The journey to becoming a Data Scientist – This is where the marriage of all the above roles becomes a possibility. In 2010, Drew Conway, a social- behavioral problem solver, curated a venn diagram that has become one of the most used visual to demonstrate the competencies that different roles bring together to make a competent Data Scientist.
This diagram was an outcome from O’Reilly hosted discussion on skills needed for data career, and many years later, with the data roles becoming a lot more common across different organizations, the competencies can provide an excellent reference skill-set. Let me summarize them:
a.) The data hacker – is the person who is skilled at gathering, collecting, cleaning data, applying and building algorithms.
b.) The statistician – even through the data-centric roles are no more confined to the fields of statisticians, the data analyst is expected to acquire a reasonable to strong knowledge of the statistical models, and application of it, be able to train the machine learning models and improve them.
c.) The domain expert – the skill that comes from deep insight of the industry, such that the domain data can be curated and then the leading questions should help build the questions that enable to discover next actions in the business.

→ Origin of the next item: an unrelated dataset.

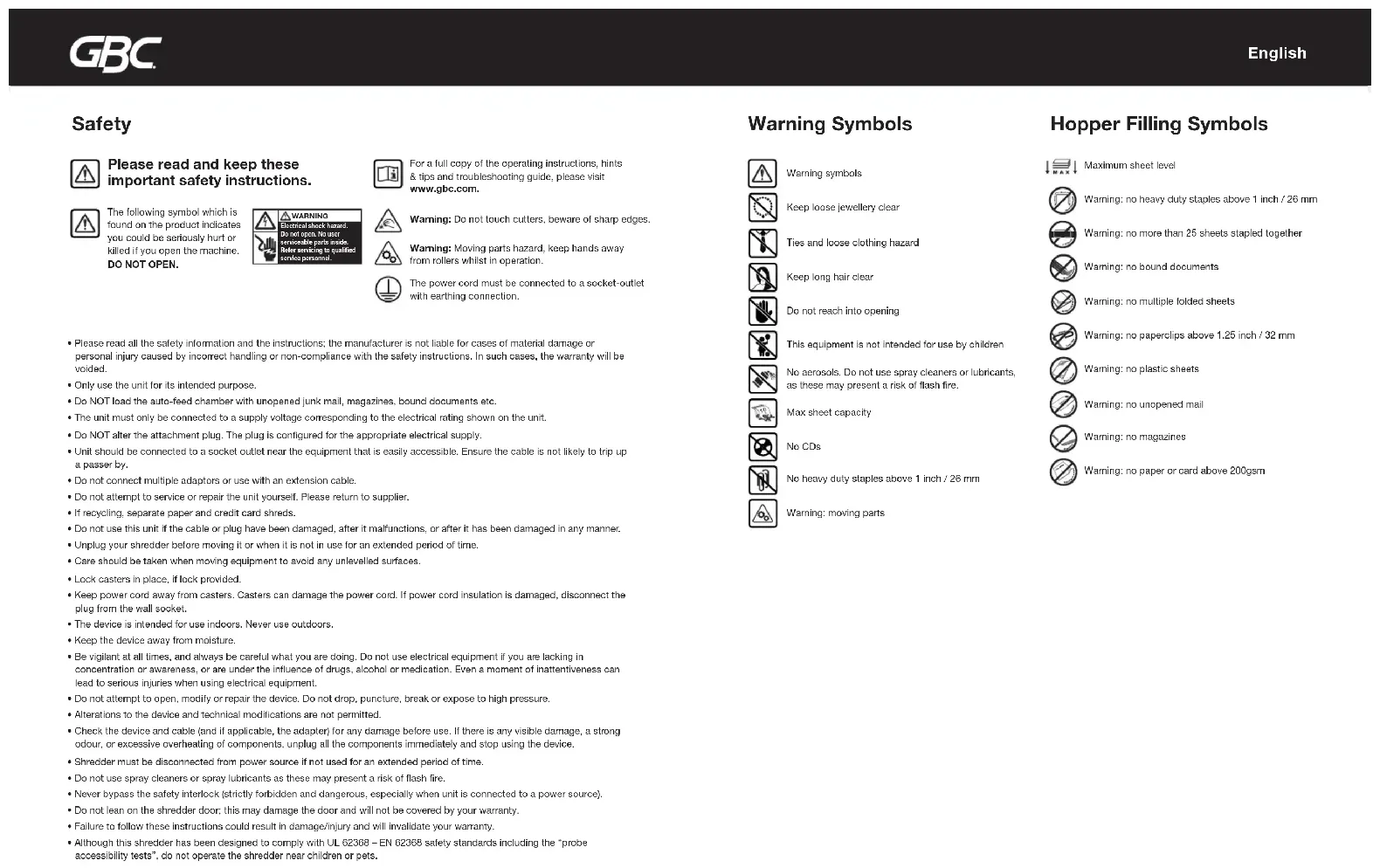 SHREDDERS Sheet Capacity Bin Size Manual Feed Gallons / Liters 6 5.3 / 20 8 9 / 34 6 9 / 34 8 11.6 / 44 6 11.6 / 44 10 15.9 / 60 8 15.9 / 60 10 15.9 / 60 8 15.9 / 60 15 29 / 110 10 29 / 110 20 37 / 140 15 37 / 140 English Operation Power On Manual Shredding Auto Shredding Remove Jam Credit Card Shredding 4 5English Safety Please read and keep these For a full copy of the operating instructions, hints & tips and troubleshooting guide, please visit important safety instructions. www.gbc.com. The following symbol which is WARNING Electrical shock hazard. Do not open. No user serviceable parts inside. Refer servicing to qualified service personnel.

Data is the new ‘Gold or Oil’, and it is imperative that all the different business functions are able to access and discover data, understand and interpret it, apply statistical modeling and fine tune the method to gain the right level of insight and enable a truth based decision making. The industry is ready, and with acquiring the right level of skills, in statistics and armed with the right programming tool or advanced spreadsheet and visualization, one can mine the gold and make a fine outcome of it, impacting their domain and industry.